Re: Strange behaviour.

2010-05-27 Thread Bob Atton
Thanks to everyone for your responses.  It does look like it was a paging 
problem of some sort.

Regards
 
Bob


Re: Strange behaviour.

2010-05-26 Thread Jim Bohnsack

Time to call IBM service.  The processor may have called home.
Jim

On 5/26/2010 10:05 AM, Bob Atton wrote:

This is a multipart message in MIME format.
--=_alternative 004D688A8025772F_=
Content-Type: text/plain; charset=US-ASCII

We have had a very strange and unusual message today on our z/VM 5.4
system.

I had a report that our zLinux guests were not accessible (putty, ping,
ssh all no good).  I logged on to MAINT OK but soon after when I had
issued a command I got the following messages.

  10:29:47  * MSG FROM MAINT   : DMSITM319T Machine check interrupt was
encountered; MCIC = X'4002AFBD 400B  '
  10:29:47  * MSG FROM MAINT   : DMSITM319T Disabled wait entered, please
re-IPL CMS.
HCPGIR450W CP entered; disabled wait PSW 000A 817C009E

CMS would not IPL but I could IPL 190.

When I tried to start the zLinux guests they initially failed with the
messages above because they IPL CMS but when I IPLed 190 and ran the
profile etc to start linux I saw

HCPMCV1459E The virtual machine is placed in check-stop state due to a
system malfunction with CPU 00.

After a while we IPLed the VM system and all appears to be OK.
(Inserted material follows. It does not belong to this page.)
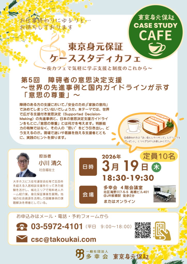 【3月19日開催】障碍者の意思決定支援を考える|夜カフェで気軽に学ぶ勉強会@板橋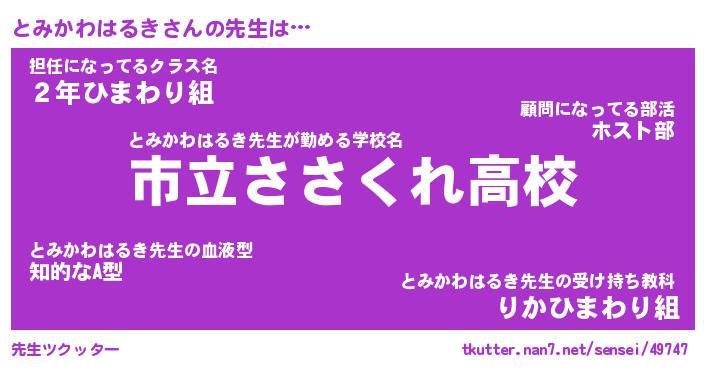 | ヘコむあだ名 | 『とみもー』『なまこ酢』『とみを』 |

Has anyone else seen such strange behaviour?


Regards

Bob
   


--
James Bohnsack
(972) 596-6377 home/office
(972) 342-5823 cell


Re: Strange behaviour.

2010-05-26 Thread Alan Altmark
On Wednesday, 05/26/2010 at 10:06 EDT, Bob Atton bob.j.at...@rrd.com 
wrote:
 We have had a very strange and unusual message today on our z/VM 5.4 
system. 
 
 I had a report that our zLinux guests were not accessible (putty, ping, 
ssh all 
 no good).  I logged on to MAINT OK but soon after when I had issued a 
command I 
 got the following messages. 
 
  10:29:47  * MSG FROM MAINT   : DMSITM319T Machine check interrupt was 
 encountered; MCIC = X'4002AFBD 400B  '

40 = System processing damage
02 = Backed up

That means that the CPU had an error and 'backed up' to the most recent 
internal consistent checkpoint, avoiding damage to memory, registers, 
timers, or the PSW.  The condition is fatal.

 CMS would not IPL but I could IPL 190. 
 
 When I tried to start the zLinux guests they initially failed with the 
messages 
 above because they IPL CMS but when I IPLed 190 and ran the profile etc 
to 
 start linux I saw 
 
 HCPMCV1459E The virtual machine is placed in check-stop state due to a 
system 
 malfunction with CPU 00. 

 After a while we IPLed the VM system and all appears to be OK.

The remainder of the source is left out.